Ponto importante também é a dificuldade de estabelecer parceria com aqueles que não são parentes ou familiares, pois a desconfiança é barreira determinante para solidificar possível parceria visando à produção.
O grupo maior de pescadores entrevistados prefere organizar-se para pesca em parceria com vizinhos, parentes e compadres e afirmam que caso ocorra qualquer intempérie, pode-se contar com o parceiro e o trabalho desenvolve-se a partir da divisão de funções e a produção é dividida entre os parceiros. Fator que agrega e segundo os pescadores é muito gratificante, pois as relações sociais se fortalecem a partir das ações do trabalho.
Segundo os caranguejeiros, existe solidariedade entre os parceiros do mar. Em caso de acidentes no ambiente de trabalho, naufrágios, problemas na embarcação eles se unem pela segurança uns dos outros, como relata pescador... “Nós, aqui de casa gostamos de pescar com os parentes e com os nossos vizinhos aqui de perto, fica mais animados e, além disso, é seguro, se acontecer algo no mangue o outro socorre. Ainda tem que dividimos a comida, o café e a água e na volta cada um vai para sua casa com sua produção”. (Jovem caranguejeiro da comunidade São Francisco em São João da Ponta)
Sobre o aspecto da produção advinda da pesca artesanal do caranguejo, os caranguejeiros relatam dificuldades para escoar a produção, como a falta de transporte que assista as comunidades rurais, preço elevado para transportar o produto rural nos ônibus de linha de empresas privadas. Sobre as dificuldades os entrevistados relatam: “Nós conseguimos todos os dias uma produção boa de peixes, melhor ainda de caranguejo. No manguezal conseguimos ostra, camarão e mexilhão. Muitas vezes trazemos para a cidade, a sede de São João e não conseguimos vender, se o frete do ônibus fosse barato dava para aventurar e vender em Castanhal é triste quando não vendemos e a única solução é bem dizer, entregar para o atravessador, dá um aperto no peito e muita raiva porque o trabalho não é valorizado!”(Caranguejeiro da comunidade São Francisco em São João da Ponta).
Outros fatores narrados são os preços diminutos pagos pelo produto, atrelamento dos pescadores aos patrões de pesca que em sua maioria são moradores locais e atuam nas lacunas deixadas pelo estado, poder público municipal e estadual. Os entrevistados relatam indignada a situação vivida: “Só nós aqui sabemos o que é viver esquecidos pelo governo, só vemos aquele símbolo com a águia (Brasão do estado do Pará) quando a polícia entra pra essas bandas, estamos na beira do rio sem assistência. Aqui quem manda é quem tem dinheiro, o atravessador paga o que quer pelo nosso caranguejo e não adianta choro e nem reclamação que ele não paga mesmo! Teve dia que o atravessador queria pagar vinte reais na saca (com cem unidades) fiquei com tanta raiva que fui embora, me senti humilhado! Tanto trabalho pra nada, esse dinheiro mal paga a comida de casa (se referindo à família) e o que fazer pra mudar isso?” (Pescador comunidade Porto Grande – São João da ponta).”
Sabendo do contexto de exclusão do caranguejeiro, a dificuldade de acesso à políticas sociais, somado a dificuldade de acesso para escoar a produção.
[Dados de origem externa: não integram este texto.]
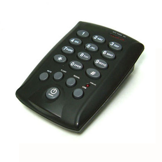 Shown here is an indoor telephone featuring a single-line keypad. The telephone allows easy control of the volume of microphone and speaker. The compact design saves space for desktops.
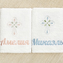 Вискозными нитями выполнена вышивка: голубой крестик для мальчика (подходит к рубашке Василек) или крестного, розовый - для девочки (к платью Серафима) или крестной.
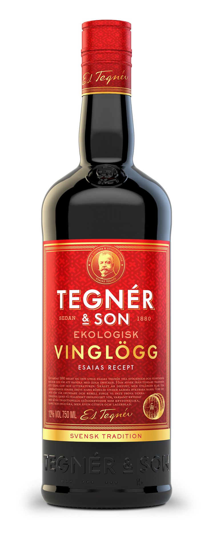 Tegnér & Sons anfader var vin- och sprithandlaren Esaias Tegnér som skapade och sålde sin egen glögg redan under 1800-talet. När den första nya blandningen från Tegnér & Son lanserades år 2011 var det naturligt att hedra hans namn. Esaias recept blandas på fruktiga ekologiska viner från Italien som kryddas med bland annat kanel, kryddnejlika och ingefära. Resultatet är en ren och balanserad vinglögg med toner av mörka körsbär, kryddnejlika och kanel.

O atravessador atua na construção de densa rede social, tecendo cada relação com os caranguejeiros a partir das dificuldades destes, suprindo assim, cada demanda. Como por exemplo, emprestam recurso a juros, auxiliam em questões de saúde, deslocamento de gestantes ao hospital com melhor infraestrutura para fazer o parto, nos casos de falecimento. Atua no cotidiano da pesca aviando e comercializando bens e serviços. Ainda fortalecem as redes sociais a partir dos laços de apadrinhamento, parentesco e vizinhança, por fim apoiam, promovem e patrocinam festas religiosas, culturais e eventos esportivos que acontecem no calendário das comunidades pesqueiras.
São sujeitos sociais que se tornam notórios em suas comunidades pelas ações econômicas desenvolvidas e pela popularidade que muitos passam a ter naquele meio e alguns desses sujeitos, sabendo da força econômica e o poder de aglutinar e influenciar o grupo enveredam pelo universo da política partidária como vereadores e chegam a  postular o cargo máximo do executivo municipal.
Fato descrito pelos pescadores entrevistados é que estes atores sociais possuem ciência que acordam devendo o sistema (comércio local) a cada novo dia, mas não sabem na realidade o custo por dia, semana e mês e como podem inserir esse custo no preço do produto repassado ao atravessador e explicam com clareza que o patrão de pesca sabe fazer isso muito bem, pois anota tudo que investiu em cada pescaria e depois, quando chega ele chama um a um, mostram o que foi investido/consumido para desenvolver a pescaria, faz o cálculo de animais que irão morrer e ditam o valor que irão pagar pelo produto e ainda, diz para os pescadores o quanto ainda terão que investir para embalar transportar e comercializar o produto em outras praças como forma de expressar que os investimentos são altos e o lucro é pouco para ele e que faz aquilo para ajudá-los. A esse respeito pescador entrevistado relata... “Eu sei que eu devo, agora não sei quanto! Quando tinha patrão Pegava todo dia os mantimentos na mercearia ali do canto, percebi que estava sendo enganado! Tratei de pagar, parente e olha que demorou. Agora não quero mais isso pra mim, comecei uma nova conta sem patrão, no meu nome limpo pelas minhas mãos e a graça de Deus!” (Caranguejeiro da comunidade São Francisco em São João da Ponta).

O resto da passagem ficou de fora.